The other difficulty relates to the interpretation of microstructural properties, such as FA and MD. Although these relate to biophysical properties of the tissue in the white matter, they contain inherent ambiguities. For example, FA may be higher in a specific location in one individual relative to another because of an increased density of myelin in that individual, but it may also be higher because of a decrease in the abundance of tracts crossing through this region. In the following last section, we outline a few directions that we believe will influence the future of the field and perhaps help address some of these difficulties. 
Future directions
One of the common threads across the wide array of research in human vision science using dMRI and a source of confusion in evaluating the dMRI literature is the ambiguity in interpretation: Changes in measured dMRI parameters may be caused by different biological processes. Some of the promising directions that we hope will reduce these ambiguities in future research have to do with new developments in the measurements and modeling of MRI data in human white matter. These developments will also build upon increased openness in dMRI research: the availability of large, publicly available datasets and open source software to implement a wealth of approaches to the analysis of these data. 

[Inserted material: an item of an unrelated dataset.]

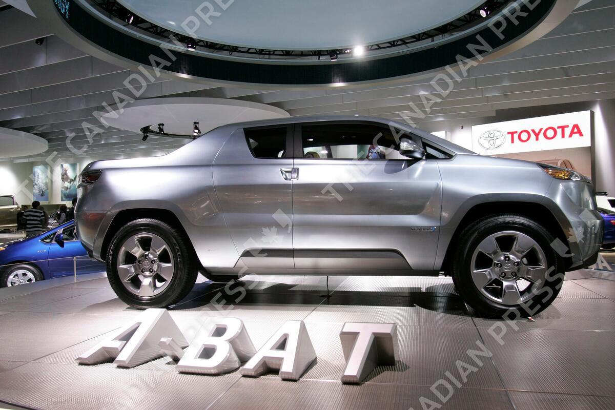 FILE - In this Jan. 15, 2008, file photo, a Toyota A-BAT concept is displayed at the North American International Auto Show in Detroit. The A-Bat pickup truck had a 4-foot bed that could be extended to 6 feet as well as a four-passenger compartment. Toyota shelved it when the recession slowed demand for pickups. (AP Photo/Kiichiro Sato, File)

Biophysical models and multi b-value models
When more than one diffusion weighting b-value is collected, additional information about tissue microstructure can be derived from the data. This includes compartment models that account for the signal as a combination of tensors (Clark & Le Bihan, 2000; Mulkern et al., 1999) or extends the Gaussian tensor model with additional terms (so-called diffusion kurtosis imaging; Jensen, Helpern, Ramani, Lu, & Kaczynski, 2005). Other models consider the diffusion properties of different kinds of tissue. For example, the CHARMED model (Assaf & Basser, 2005) explicitly computes the contributions of intra- and extracellular water to the signal. Other models describe axon diameter distribution (Alexander et al., 2010; Assaf, Blumenfeld-Katzir, Yovel, & Basser, 2008) and dispersion and density of axons and neurites (Zhang, Schneider, Wheeler-Kingshott, & Alexander, 2012). The field is currently also struggling with the ambiguity of these models (Jelescu, Veraart, Fieremans, & Novikov, 2016), and this is a very active field of research (Ferizi et al., 2016). The ultimate goal of these efforts is to develop methods and models that help infer physical quantities of the tissue that are independent of the measurement device. This goal can already be achieved with other forms of MRI measurements, which we discuss next. 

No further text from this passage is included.